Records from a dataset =
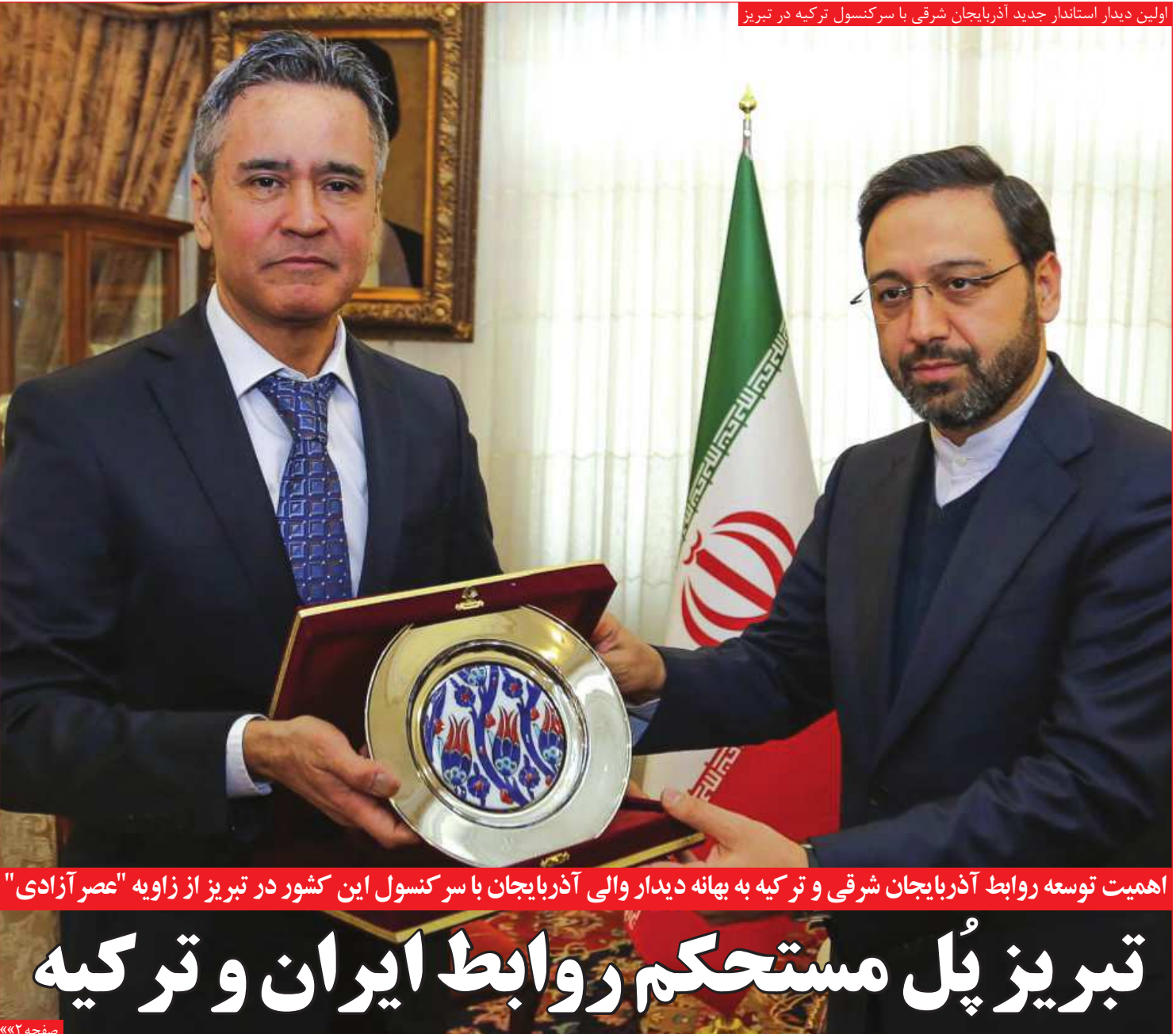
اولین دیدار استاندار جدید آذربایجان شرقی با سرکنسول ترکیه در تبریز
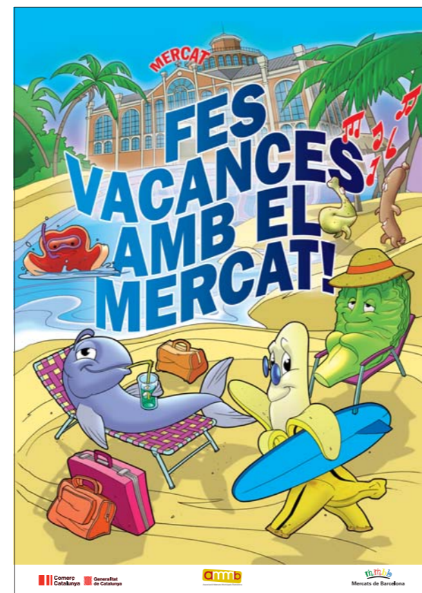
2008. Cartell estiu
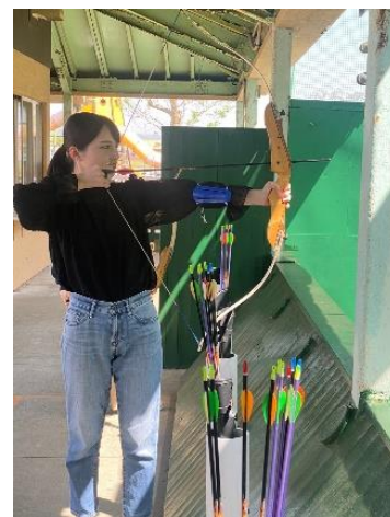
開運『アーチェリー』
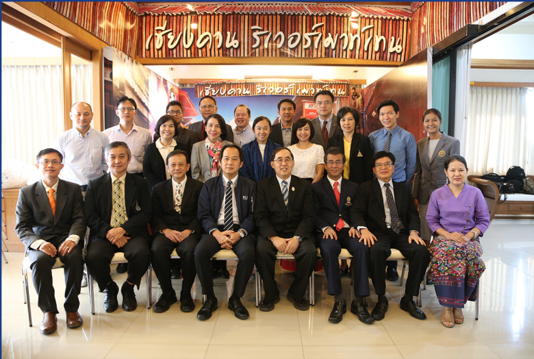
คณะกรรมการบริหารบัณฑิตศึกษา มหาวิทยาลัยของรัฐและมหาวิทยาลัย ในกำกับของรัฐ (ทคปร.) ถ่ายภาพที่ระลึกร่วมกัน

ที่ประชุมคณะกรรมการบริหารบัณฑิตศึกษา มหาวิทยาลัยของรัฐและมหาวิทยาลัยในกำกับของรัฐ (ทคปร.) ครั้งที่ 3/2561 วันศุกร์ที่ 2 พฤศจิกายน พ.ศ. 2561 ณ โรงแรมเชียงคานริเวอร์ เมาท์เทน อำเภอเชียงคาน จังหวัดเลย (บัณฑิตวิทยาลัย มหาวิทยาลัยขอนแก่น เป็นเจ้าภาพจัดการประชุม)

Directions for this task = Copy every record exactly, but skip the pictures.

Solution below =
اولین دیدار استاندار جدید آذربایجان شرقی با سرکنسول ترکیه در تبریز
2008. Cartell estiu
開運『アーチェリー』
คณะกรรมการบริหารบัณฑิตศึกษา มหาวิทยาลัยของรัฐและมหาวิทยาลัย ในกำกับของรัฐ (ทคปร.) ถ่ายภาพที่ระลึกร่วมกัน

ที่ประชุมคณะกรรมการบริหารบัณฑิตศึกษา มหาวิทยาลัยของรัฐและมหาวิทยาลัยในกำกับของรัฐ (ทคปร.) ครั้งที่ 3/2561 วันศุกร์ที่ 2 พฤศจิกายน พ.ศ. 2561 ณ โรงแรมเชียงคานริเวอร์ เมาท์เทน อำเภอเชียงคาน จังหวัดเลย (บัณฑิตวิทยาลัย มหาวิทยาลัยขอนแก่น เป็นเจ้าภาพจัดการประชุม)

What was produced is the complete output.